So. Some four years later I’m transcribing the Flinders log, when, on the page for November 26, 1792, he uses the symbol ☽ instead of the word Monday. I looked ahead and found that he continued using strange (to me) symbols for Tuesday, Wednesday, Thursday, etc. Now, I recognized that first symbol, a crescent moon, which also appears all over the website, and I knew it stood for Monday because it was where Monday was supposed to be, and moon, moonday, Monday isn’t such a stretch, even for me. But the others, not a clue. I knew that many of our English days got their names from old gods, i.e. Thursday is Thor’s day.
So, I look up Tuesday on Wikipedia and find this, “The English name is derived from Old English Tiwesdæg and Middle English Tewesday. This was a loan translation of Latin dies Martis, originally associating the day with the planet Mars. The Germanic name translates Mars, the god of war, as Teiwaz (Old English Tiw).” So I look for an entity for Mars, sure enough there is one and it’s the same one Flinders used. So the symbols are for planets (which I would have recognized right off if I were into astrology.) Wednesday is Woden’s day, Woden corresponds to Mercury, Mercury has an entity, which Flinders used for Wednesday.
I make a little table with the code, symbol, planet (heavenly body then), and day:
☽ ☽ moon Monday
♂ ♂ Mars Tuesday
☿ ☿ Mercury Wednesday
♃ ♃ Jupiter Thursday
♀ ♀ Venus Friday
♄ ♄ Saturn Saturday
☉ ☉ Sun Sunday
And there it is (the last one of course,) it was the Sun, a circle with a dot in it.

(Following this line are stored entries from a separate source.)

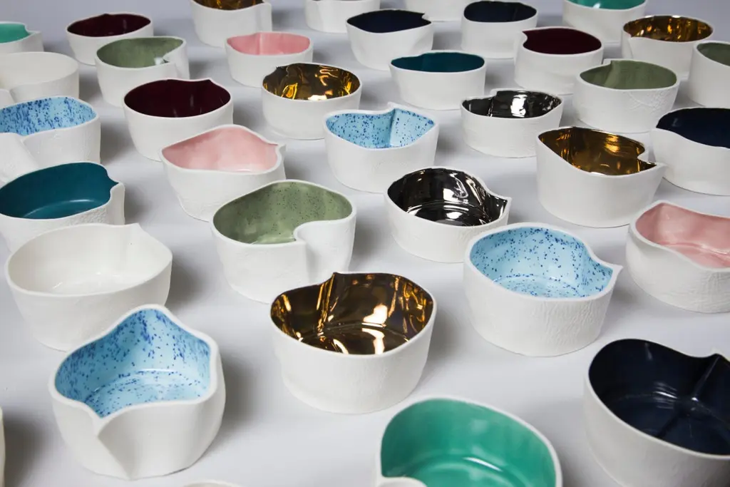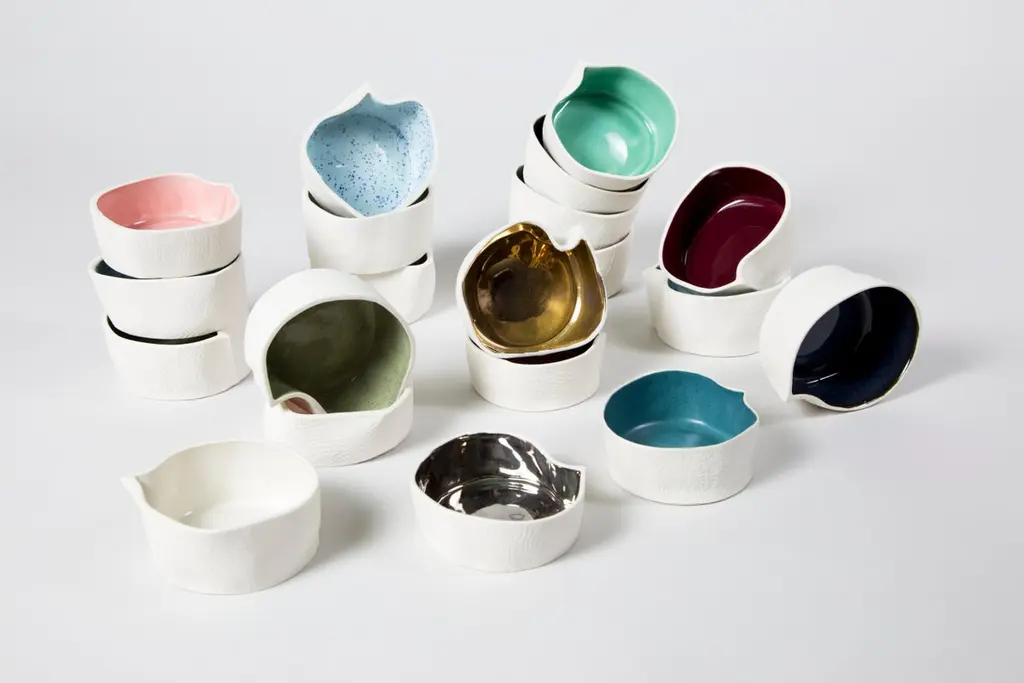 An organic shaped porcelain bowl with a tactile exterior surface and a smooth glazed interior. Small & precious, yet surprisingly practical, the Kawa Dishes are equally well-suited as a jewelry dish, salt cellar, sauces & dips bowl. As a result of the production process each vase is one-of-a-kind. All finishes are food-safe and dishwasher-safe.Dimensions3.5" diameter x 1.5" heightMade to order. Signed and dated.The Kawa Series is a collection of porcelain objects that are made by casting liquid clay into sewn leather molds. The precarious and beautifully-involved process is completely unique to Luft Tanaka Studio, and results in truly one-of-a-kind art objects. All pieces are handmade in Brooklyn at Luft Tanaka Studio.Each Kawa piece starts as a sketch on paper. With the assistance of a 3-D modeling program, Luft creates patterns to be cut out of leather. After the leather mold, which can be reused about a dozen times, is sewn and prepared, liquid porcelain is poured inside. As the porcelain sits inside the mold, it forms a thin wall along the leather surface picking up the leather texture and organic form from the flexible leather mold. Once dry, the leather mold is carefully cut open using a seam ripper and delicately peeled off the piece which is then carefully finished by hand.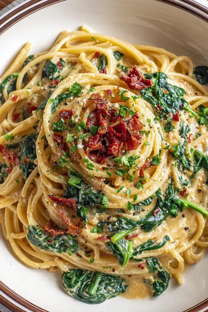 Every forkful of spaghetti coated in a luxuriously creamy sun-dried tomato sauce, studded with wilted spinach, is like a warm hug after a long day. The silky strands of pasta cling to every drop of sauce, the sun-dried tomatoes lending a tangy sweetness that contrasts beautifully with the earthy spinach. Close your eyes and you’ll feel the gentle caress of heavy cream mingling with sharp Parmesan, creating a velvety texture that coats your tongue. This is the kind of dish that transforms an ordinary weeknight into a mini celebration—no fancy gadgets required, just a skillet, some simple pantry staples, and a willingness to dive into a comforting plate of pasta.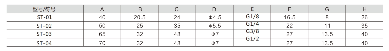 Yen fitting tabung udara ora dipilih kanthi bener, nyebabake intake udara utawa ekstra ing port dadi cilik banget, katup bisa ora shift, ndadékaké kabeh port sing disambung. Iki kudu dicegah. ST-01: G1 / 8; ST-02: G1 / 4; St-03: G3 / 8; ST-04: G1 / 2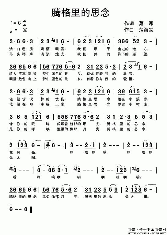 作词:萧寒   作曲:蒲海宾   格式:简谱   来源:蒲海宾(作曲)原创上传   上传:蒲海宾   日期:2010-10-21   浏览次数: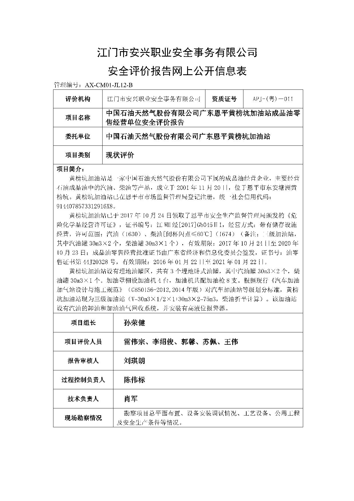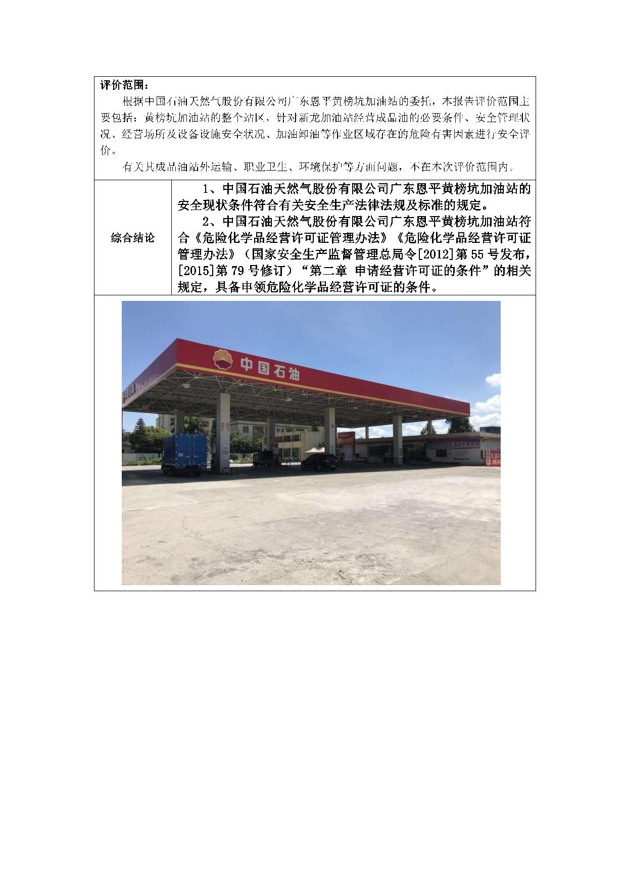 中国石油天然气股份有限公司广东恩平黄榜坑加油站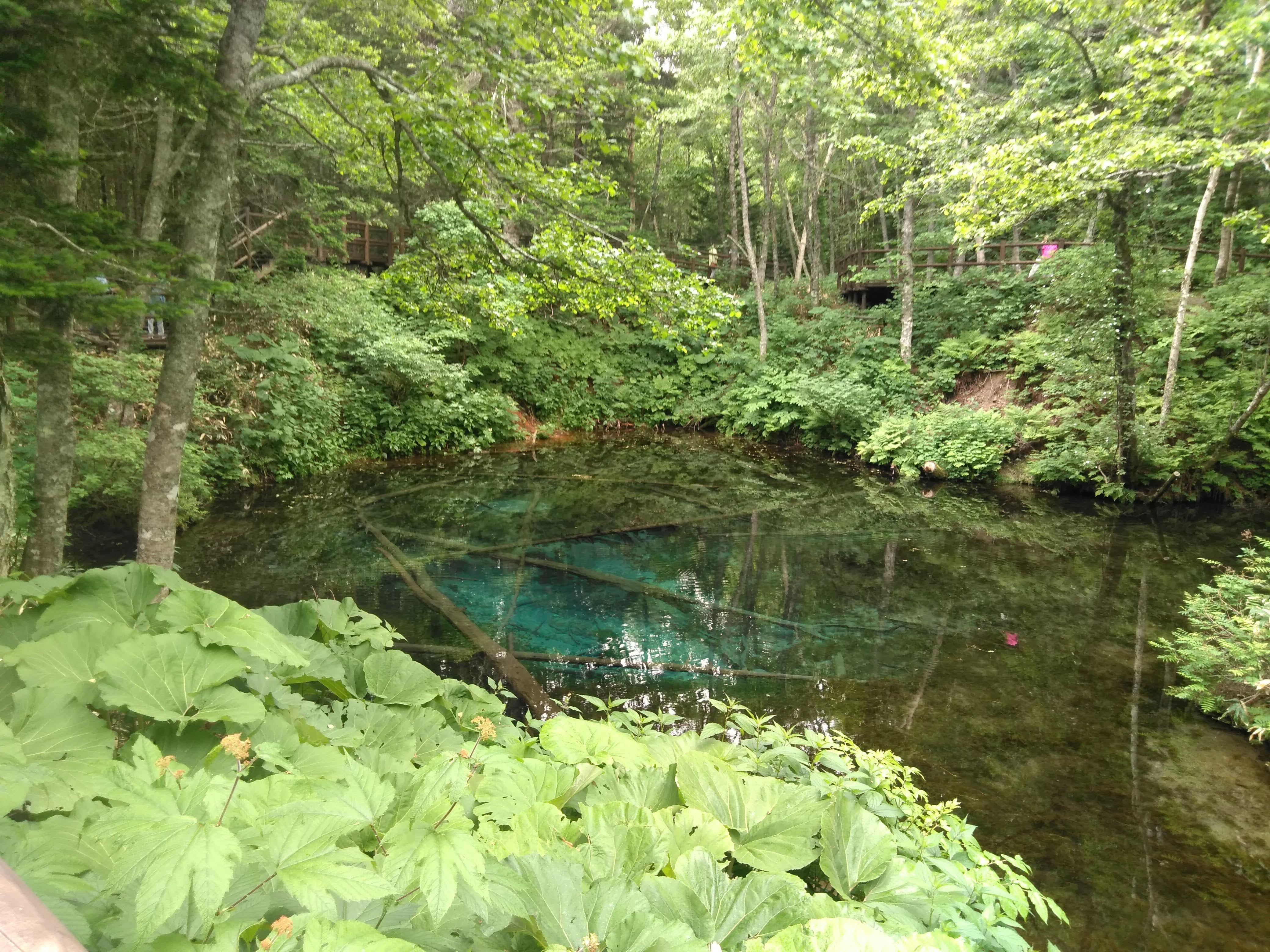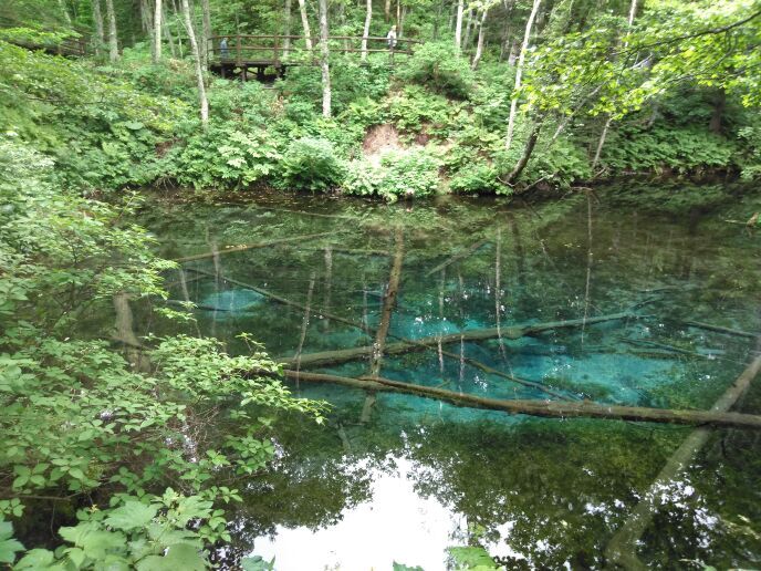 全く商業化されていないスポットなので、神秘的な青(※「蒼」と書く方がマッチしてるかな?または「碧」かな。写真見て判断してください。)い水面を通して沈木が見える風景は、先日行った「オンネトー」とは別の味わいがあります。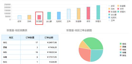 下图在柱状图中加入了图形/图例超链接,实现了在点击柱状图中的柱子图形时,会在本页面动态展现出所点击柱子代表的地区销售表和地区订单金额图;点击右侧的图例时,会在本页面动态展现出所点击图例代表的地区销售表和地区订单金额图:

Now even if those clerks back in the day had drawn a perfect circle, I wouldn’t have made the connection. Not once in my long life have I run across the fact that a circle with a dot in it is the symbol for the Sun. Ignorance results in more work. The entity would have saved me a lot of typing.
Am I going to go back and change all those image references to the entity? I think not. But I do have an explanation for the symbol that may be in error. Somewhere I found that it signified that the Lunar reading had been taken from the center of the Moon, rather than the edge. That may still be the case, and the fact that it’s the symbol for the Sun is just a coincidence.
Update: What it actually says is:
“On many of these pages you will see Meridn.Alt.
Center. This means the Meridian Altitude taken from the center of the sun’s disk rather than the edge.”
Which is correct and should have given me another clue about the symbol being for the sun, but by the time I had put this bit of info on the Bounty Logbook home page I had forgotten all about finding the entity. But in tracking this down, I discovered that the above statement had been omitted when I overhauled the logbook home page, which I’ve now remedied.